Conservatives will probably dismiss what I have to say here on the grounds that it’s only another harangue by a “Bush hater,” but they’ll be wrong. I have never hated Bush, even though I’ve criticized virtually everything he’s done and said for the past eight years.
He’s not worth hating. He is — and so far as I can tell, he has always been — such a sorry excuse for a human being, so altogether pathetic in every way, that he simply does not rise to the level of hateable material. You can’t honestly hate a maggot; it’s simply the creature’s nature to be a maggot; it cannot be anything else; and although it may be disgusting to behold, it still has a useful function to perform in the natural order. Likewise, you can’t honestly hate Bush; it’s simply his nature to be an intellectual and moral cipher; and although he may be disgusting to behold, he still has a useful function to perform in the political order.
That function, it would appear, is to serve as the warm body the ruling elites prop up to pretend to be the rightful lord and master of the known universe. Americans want somebody to serve this function. They stoutly insist on such a display of divinely ordained power — when did you last hear anyone complain about the imperial presidency, as opposed to demanding that the all-powerful president set right everything from cholera outbreaks in Africa to the value of a middle-class worker’s 401(k). Americans demand that the president tame the business cycle, cure cancer, reverse global warming, and keep the heathen from raging. No one can carry out these tasks, of course, but the people demand that the president promise to carry them out and, once in office, make believe he is doing so.
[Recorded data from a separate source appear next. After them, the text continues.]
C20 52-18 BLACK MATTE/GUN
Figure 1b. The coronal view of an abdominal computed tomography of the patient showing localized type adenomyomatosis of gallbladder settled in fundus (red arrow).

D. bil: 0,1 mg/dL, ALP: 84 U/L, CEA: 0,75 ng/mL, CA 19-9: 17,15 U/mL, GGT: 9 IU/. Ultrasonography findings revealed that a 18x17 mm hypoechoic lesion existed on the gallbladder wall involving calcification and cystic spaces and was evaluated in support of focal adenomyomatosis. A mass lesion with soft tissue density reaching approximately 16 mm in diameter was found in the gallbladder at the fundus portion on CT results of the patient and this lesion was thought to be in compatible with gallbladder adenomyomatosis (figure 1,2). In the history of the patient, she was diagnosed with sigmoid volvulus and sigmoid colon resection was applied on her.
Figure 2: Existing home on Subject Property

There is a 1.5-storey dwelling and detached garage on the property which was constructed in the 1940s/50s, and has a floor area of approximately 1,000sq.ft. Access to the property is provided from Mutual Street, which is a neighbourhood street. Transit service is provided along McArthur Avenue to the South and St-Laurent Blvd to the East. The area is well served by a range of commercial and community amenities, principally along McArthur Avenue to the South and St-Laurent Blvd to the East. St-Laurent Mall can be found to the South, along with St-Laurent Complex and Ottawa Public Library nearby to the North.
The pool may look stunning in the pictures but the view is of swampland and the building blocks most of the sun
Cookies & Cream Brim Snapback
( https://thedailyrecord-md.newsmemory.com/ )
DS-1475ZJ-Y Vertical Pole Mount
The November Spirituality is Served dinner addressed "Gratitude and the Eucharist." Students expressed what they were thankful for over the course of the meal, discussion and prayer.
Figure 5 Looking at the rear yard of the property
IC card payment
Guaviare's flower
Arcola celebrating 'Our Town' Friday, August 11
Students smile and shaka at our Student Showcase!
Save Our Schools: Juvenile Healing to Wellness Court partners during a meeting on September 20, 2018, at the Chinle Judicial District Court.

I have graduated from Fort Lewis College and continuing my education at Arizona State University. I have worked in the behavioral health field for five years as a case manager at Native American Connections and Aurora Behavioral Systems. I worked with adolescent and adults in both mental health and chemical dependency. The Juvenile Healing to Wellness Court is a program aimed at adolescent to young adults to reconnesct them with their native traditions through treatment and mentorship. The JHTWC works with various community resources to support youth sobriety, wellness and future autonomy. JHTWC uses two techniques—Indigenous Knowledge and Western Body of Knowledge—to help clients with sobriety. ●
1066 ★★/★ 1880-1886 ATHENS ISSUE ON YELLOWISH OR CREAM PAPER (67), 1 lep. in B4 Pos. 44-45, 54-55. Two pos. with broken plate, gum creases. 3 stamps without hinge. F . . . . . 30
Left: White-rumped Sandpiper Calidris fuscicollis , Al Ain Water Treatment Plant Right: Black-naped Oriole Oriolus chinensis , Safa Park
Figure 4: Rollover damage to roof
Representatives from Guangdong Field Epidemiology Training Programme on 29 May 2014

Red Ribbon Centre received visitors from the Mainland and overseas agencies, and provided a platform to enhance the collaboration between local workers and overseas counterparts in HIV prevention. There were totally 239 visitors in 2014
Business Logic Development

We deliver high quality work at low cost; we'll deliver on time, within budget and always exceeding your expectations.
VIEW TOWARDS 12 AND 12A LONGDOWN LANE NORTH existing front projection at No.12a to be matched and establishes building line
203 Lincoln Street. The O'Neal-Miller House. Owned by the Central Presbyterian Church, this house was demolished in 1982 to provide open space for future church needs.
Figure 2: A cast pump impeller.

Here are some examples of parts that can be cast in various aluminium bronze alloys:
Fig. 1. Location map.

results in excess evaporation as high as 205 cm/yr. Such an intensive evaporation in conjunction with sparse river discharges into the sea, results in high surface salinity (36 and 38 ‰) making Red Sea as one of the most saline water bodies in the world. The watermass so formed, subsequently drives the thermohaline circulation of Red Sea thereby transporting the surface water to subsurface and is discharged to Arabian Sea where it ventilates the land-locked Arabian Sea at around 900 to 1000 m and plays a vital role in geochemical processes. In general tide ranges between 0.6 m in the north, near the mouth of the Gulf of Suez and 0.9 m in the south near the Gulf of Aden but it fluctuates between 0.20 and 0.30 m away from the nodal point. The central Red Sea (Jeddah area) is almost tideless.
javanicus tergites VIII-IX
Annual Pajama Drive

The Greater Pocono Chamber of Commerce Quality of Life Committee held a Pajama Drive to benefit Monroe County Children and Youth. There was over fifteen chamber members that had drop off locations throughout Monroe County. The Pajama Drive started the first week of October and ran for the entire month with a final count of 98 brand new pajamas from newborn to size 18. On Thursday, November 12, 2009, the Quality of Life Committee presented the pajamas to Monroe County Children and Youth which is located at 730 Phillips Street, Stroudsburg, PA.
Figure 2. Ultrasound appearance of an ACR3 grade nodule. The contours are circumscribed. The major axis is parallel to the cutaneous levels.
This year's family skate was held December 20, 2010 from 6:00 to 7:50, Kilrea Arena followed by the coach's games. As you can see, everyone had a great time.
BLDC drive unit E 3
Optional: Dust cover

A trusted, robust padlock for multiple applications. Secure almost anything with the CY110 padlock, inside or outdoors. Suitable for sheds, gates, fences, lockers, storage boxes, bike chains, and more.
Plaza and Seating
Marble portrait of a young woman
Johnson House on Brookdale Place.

Failures can be conveniently blamed on the opposing party’s obstructions or on al-Qaeda.
The mere fact that the president cannot do what the people demand of him does not imply, of course, that he has no power at all. Without a doubt, his mere word can send armadas across the seven seas and loose atomic lightening on a sinful world. Although he has little or no power to do anything good or beautiful or honest, he has considerable power to inflict evil, as even so contemptible a fool as Bush has amply demonstrated. A president can order the armed forces to invade and occupy Afghanistan and Iraq; he can keep the troops there for years on end, eating through hundreds of billions of dollars that might otherwise have been put to worthwhile uses; and he can ensure that human misery is pushed near its maximum for the unfortunate societies on the receiving end of his less than compassionate conservatism.
A president need not have much intelligence to cause these great harms, and Bush, though manifestly a man of staggeringly limited intellectual gifts, has been smart enough to declare “bring ’em on” and thereby cause the deaths of hundreds of thousands of men, women, and children, most of them no more deserving of this punishment than the average jaywalker.
When he had to stand up in public and present a justification for his actions, however, Bush was invariably at sea. One could see him straining to recall the talking points his handlers had tried to instill in his mind. His wretched explanations were typically befogged by his misty incapacity to utter a simple, correct English sentence or to put two thoughts back to back in a logically connected way. The press and the public have often given him a pass because everybody suspected that he suffered from dyslexia and, some claimed, from the lingering effects of excessive use of cocaine, and so, strange to say, people felt sorry for the most powerful man on earth.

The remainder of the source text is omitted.